[Excerpted records]

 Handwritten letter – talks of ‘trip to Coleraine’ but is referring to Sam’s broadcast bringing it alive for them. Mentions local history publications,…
---
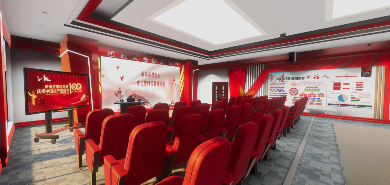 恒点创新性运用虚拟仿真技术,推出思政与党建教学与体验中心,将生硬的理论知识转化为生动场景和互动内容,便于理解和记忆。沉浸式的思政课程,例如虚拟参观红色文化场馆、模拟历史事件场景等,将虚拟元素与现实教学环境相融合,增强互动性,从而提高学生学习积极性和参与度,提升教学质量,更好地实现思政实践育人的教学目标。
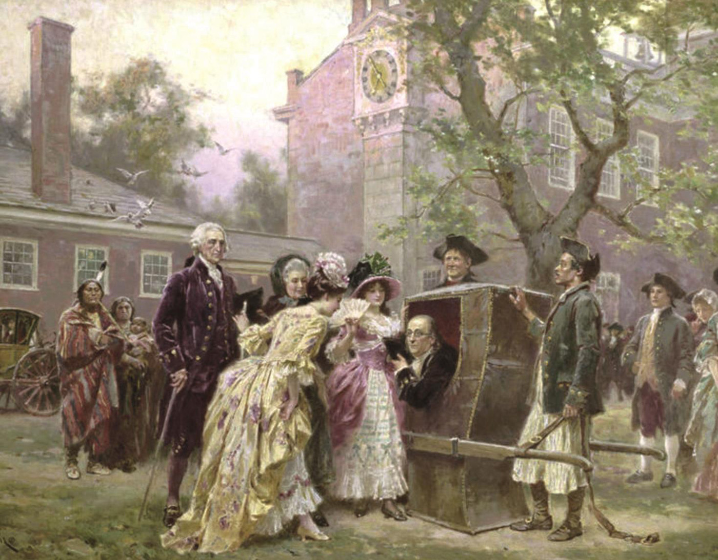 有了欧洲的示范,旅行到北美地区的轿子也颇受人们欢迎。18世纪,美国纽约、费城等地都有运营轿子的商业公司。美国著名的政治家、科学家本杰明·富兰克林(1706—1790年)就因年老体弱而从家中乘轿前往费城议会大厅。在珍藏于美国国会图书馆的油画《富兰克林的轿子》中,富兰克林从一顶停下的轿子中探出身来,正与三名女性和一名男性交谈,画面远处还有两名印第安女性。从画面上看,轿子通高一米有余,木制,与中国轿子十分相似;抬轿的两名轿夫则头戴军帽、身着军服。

[Assigned task] Because only one stretch of the records is wanted, please output the lines from the one holding "恒点创新性运用虚拟仿真技术,推出思政与党" through the one holding "有了欧洲的示范,旅行到北美地" exactly, both included, and leave every picture out.

[Written response]
 恒点创新性运用虚拟仿真技术,推出思政与党建教学与体验中心,将生硬的理论知识转化为生动场景和互动内容,便于理解和记忆。沉浸式的思政课程,例如虚拟参观红色文化场馆、模拟历史事件场景等,将虚拟元素与现实教学环境相融合,增强互动性,从而提高学生学习积极性和参与度,提升教学质量,更好地实现思政实践育人的教学目标。
 有了欧洲的示范,旅行到北美地区的轿子也颇受人们欢迎。18世纪,美国纽约、费城等地都有运营轿子的商业公司。美国著名的政治家、科学家本杰明·富兰克林(1706—1790年)就因年老体弱而从家中乘轿前往费城议会大厅。在珍藏于美国国会图书馆的油画《富兰克林的轿子》中,富兰克林从一顶停下的轿子中探出身来,正与三名女性和一名男性交谈,画面远处还有两名印第安女性。从画面上看,轿子通高一米有余,木制,与中国轿子十分相似;抬轿的两名轿夫则头戴军帽、身着军服。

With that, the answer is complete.